Mike Gunderloy recently linked to an editorial by author Susan Cheever on the legality of Google's Book Search:

Is it poignantly wrongheaded to want to get paid for my work? Is it a failure of understanding to think that when my father's short stories are read and enjoyed or made into movies, his widow should be able to profit?

I'll definitely agree that the way Google has gone about this has been remarkably heavy-handed. But I firmly believe that Google Book Search is akin to the Public Library: a clear public good. The human race gets access to more information, and the authors get a major new sales avenue for all their work. What's not to like?

Evidently a lot, from Susan Cheever's perspective. I emailed Susan to clarify her position:

But that's exactly what Google Print enables: selling more copies of your books, not less! Think of the millions of people that will find (and possibly buy) your books through a Google search-- people all over the world-- that otherwise would not even know your book existed! Only an excerpt of the book can be viewed. To get the rest, you buy the book. Probably via a link provided on the very same search result page.
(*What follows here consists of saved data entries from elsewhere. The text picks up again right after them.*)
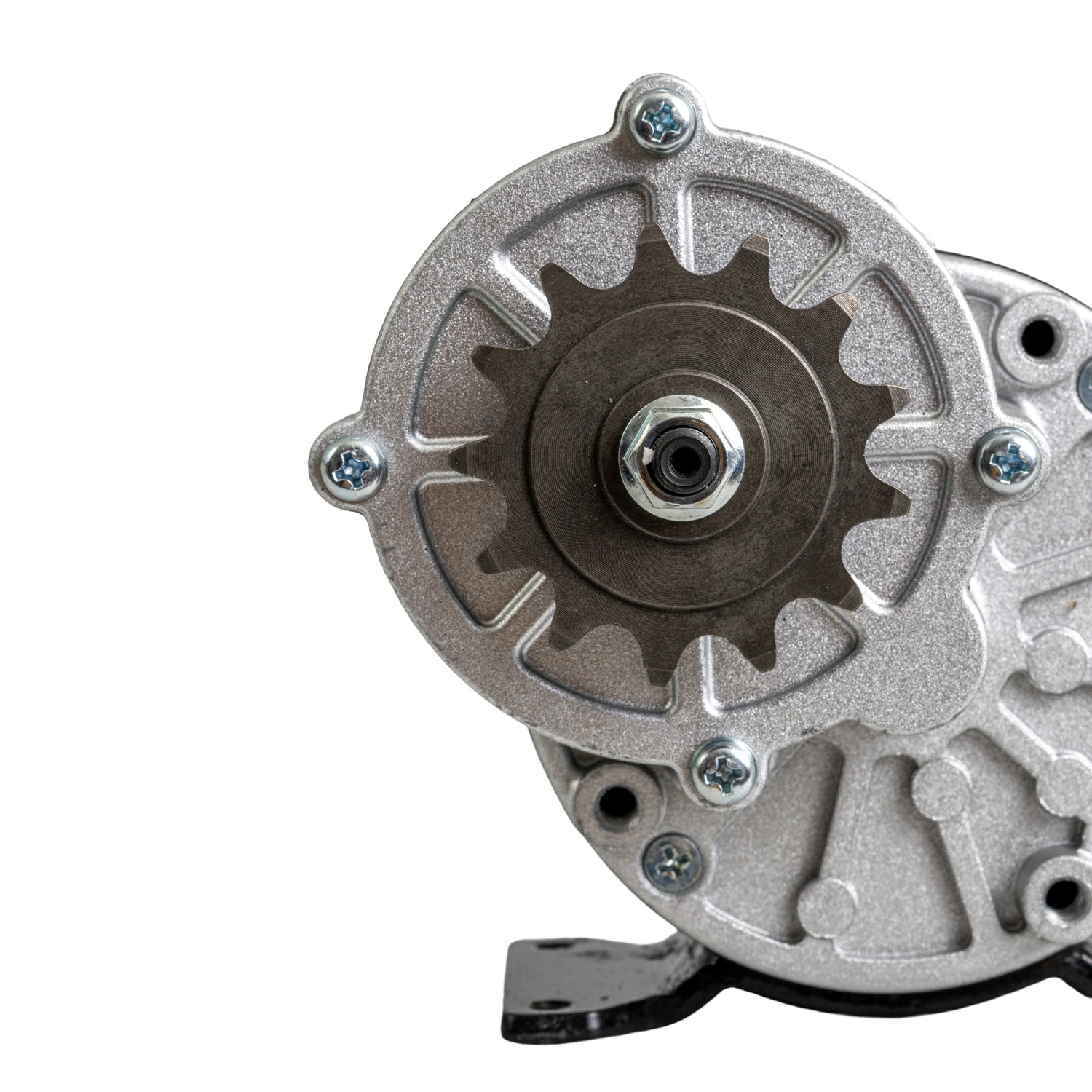 Note: The chain tensioner bracket and threaded shaft shown in the photographs (below and just to the right of the sprocket) are not included with this motor and you will need to reuse the old chain tensioner bracket.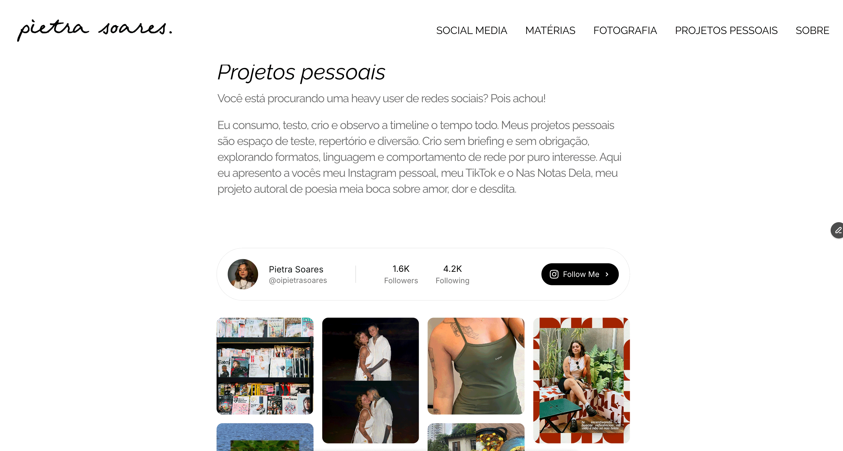Para a página de projetos pessoais, Pietra buscava expor sua presença em redes sociais. Para isso, optei por utilizar de códigos de embed para trazer a interface das plataformas para dentro do site.
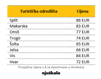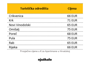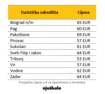 Najveća ponuda privatnog turističkog smještaja je u Sjevernoj Dalmaciji, te Kvarneru i Primorju. Nudi se više vrsta turističkog smještaja, među kojima je najviše apartmana, no može se naći i cijelih kuća, kao i soba. Cijene variraju od oko 20 eura do čak oko 500 eura za dan najma. Prosječna dnevna cijena najma turističkog apartmana u Hrvatskoj na Njuškalu u sezoni iznosi 67 eura, što je za 4 eura više u odnosu na prošlu godinu. Prema podacima kojima raspolažemo, prosječna cijena najma turističkog apartmana izvan sezone u prosjeku iznosi 46 eura, što je za 31 posto povoljnije nego u sezoni.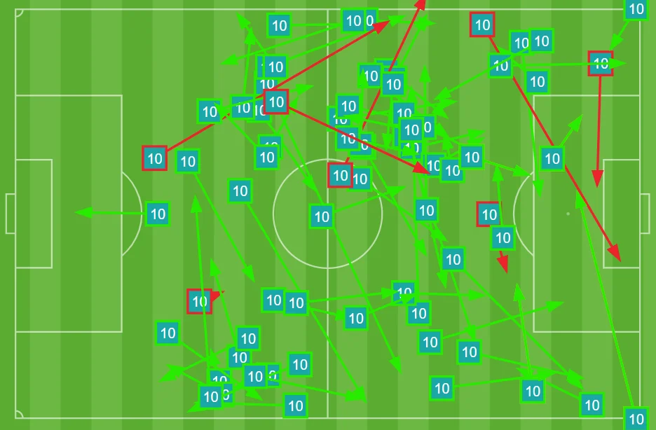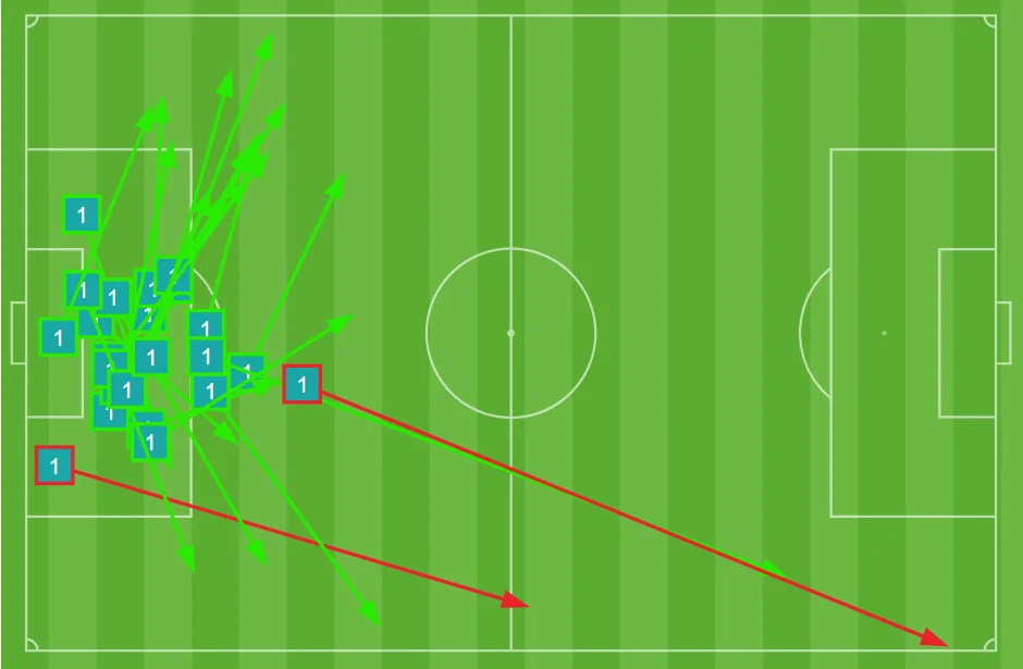 Знову ж таки, варто відзначити карту передач від Тібо – він майже не помиляється, хоча пасує на значну дистанцію. Звісно, це не рівень тер Штегена, у якого кожен другий пас – діаголь під прорив – але Луніну слід вчитись такому скілу. Ногами українець точно програє мобільному й спокійному Куртуа.
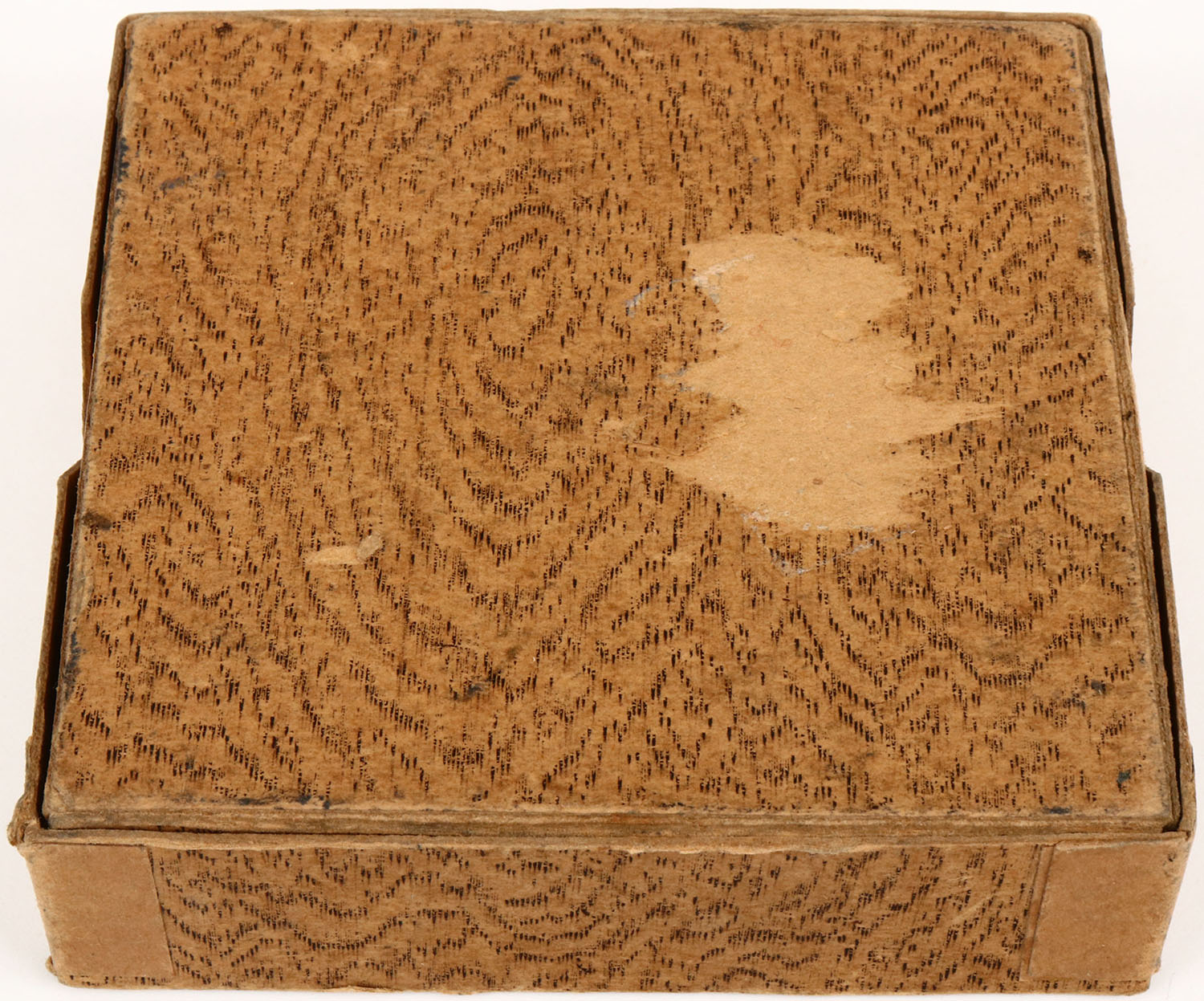 Follett Manufacture, Box contains 24 cylindrical paper containers with a brass end, Box also contains cork wads for under the concentrator, there are wads for use in front of the concentrator with four holes to catch the air and blow away. Grade: Excellent - Value: 10 to 50

That's perhaps the ultimate sales tool.

Surprisingly, Susan responded to my email:

Yes, that's what they say. They say they are trying to help writers. Don't you think it's odd that they don't ask the writers first? How about the fact that they don't even want to discuss their project with the Author's Guild thus forcing us to sue? "Help" is a funny work in this context.

Which brings us back to the issue of heavy-handedness. All this led James Shaw to try Google Book Search and conclude that yes, Google is evil:

I just tried a book search for the first time. I signed in with my gmail account (never used, just reserved my name) and was able to view all the pages that I wanted to out of a random book I found. Occasionally it would tell me that I couldn't view the next page "to protect the copyright of the author" but it then allowed me to go back to the page index and choose the next page anyway. So, from my layman's point of view Google has allowed me to view any entire book still under copyright. It didn't cost me a dime.
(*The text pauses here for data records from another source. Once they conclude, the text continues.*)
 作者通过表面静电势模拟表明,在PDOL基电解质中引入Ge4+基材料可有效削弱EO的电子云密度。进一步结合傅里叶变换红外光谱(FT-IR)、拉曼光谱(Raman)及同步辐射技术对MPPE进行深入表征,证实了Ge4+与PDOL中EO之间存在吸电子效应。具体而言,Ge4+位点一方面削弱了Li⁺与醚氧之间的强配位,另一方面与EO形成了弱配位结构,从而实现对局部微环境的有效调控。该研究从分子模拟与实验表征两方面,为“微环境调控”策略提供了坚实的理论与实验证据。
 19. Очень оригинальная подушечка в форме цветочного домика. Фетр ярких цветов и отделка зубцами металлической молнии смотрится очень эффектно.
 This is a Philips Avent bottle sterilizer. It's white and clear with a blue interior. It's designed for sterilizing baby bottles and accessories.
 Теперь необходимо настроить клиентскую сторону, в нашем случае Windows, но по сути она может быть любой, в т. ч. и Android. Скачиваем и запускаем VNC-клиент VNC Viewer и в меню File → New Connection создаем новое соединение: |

I think James is vastly understating how incredibly annoying and inefficient it is to "read" a book this way. But what's even more interesting is a comment Mike Gunderloy posted to that entry:

I don't see Google as the villain here - indeed, I don't really think there *is* a villain, just a culmination of forces. Yes, you can still buy some of my books, and some of them are still in print. And if you buy one, thanks. But you're a vanishing breed: sales of computer books of the sort I write are, across the board, dramatically down in the past three or four years. My own diagnosis is that this is directly related to the ease of finding the same information that the books used to carry by searching on the Internet. Why pay book prices (which have also gone up hideously in those years) when you can search for free? The net result is that I have seen my royalty checks all but vanish in the last three years, to the point where I can no longer afford to write computer books. The titles that are now on the shelves are the last ones from me.
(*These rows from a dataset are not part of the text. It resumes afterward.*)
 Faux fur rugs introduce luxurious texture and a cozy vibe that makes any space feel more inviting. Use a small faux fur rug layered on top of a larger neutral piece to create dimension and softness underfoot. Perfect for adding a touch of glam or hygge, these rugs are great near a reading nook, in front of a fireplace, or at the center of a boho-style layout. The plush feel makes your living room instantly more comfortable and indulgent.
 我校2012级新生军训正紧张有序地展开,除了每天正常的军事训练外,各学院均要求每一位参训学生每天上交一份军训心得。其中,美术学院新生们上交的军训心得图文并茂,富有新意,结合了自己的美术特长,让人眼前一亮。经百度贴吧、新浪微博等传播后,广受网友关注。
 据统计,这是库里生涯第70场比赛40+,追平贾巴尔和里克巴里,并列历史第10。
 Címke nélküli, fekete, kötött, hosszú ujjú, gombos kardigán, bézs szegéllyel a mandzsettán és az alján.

This concerns me, because Mike's books are good. They're not those narrow, throw-away tech books (Learn Visual Basic 6.0 in 24 hours!) that are obsolete in a few years anyway. I mean, it's not Code Complete -- but it's well worth buying.

I've always thought of printed books as complementary to the information available on the internet. If nothing else, they're a much more eyeball-friendly way to read a large volume of information. I wonder if the general sales decline Mike decries here applies to any genre other than programming and technology books?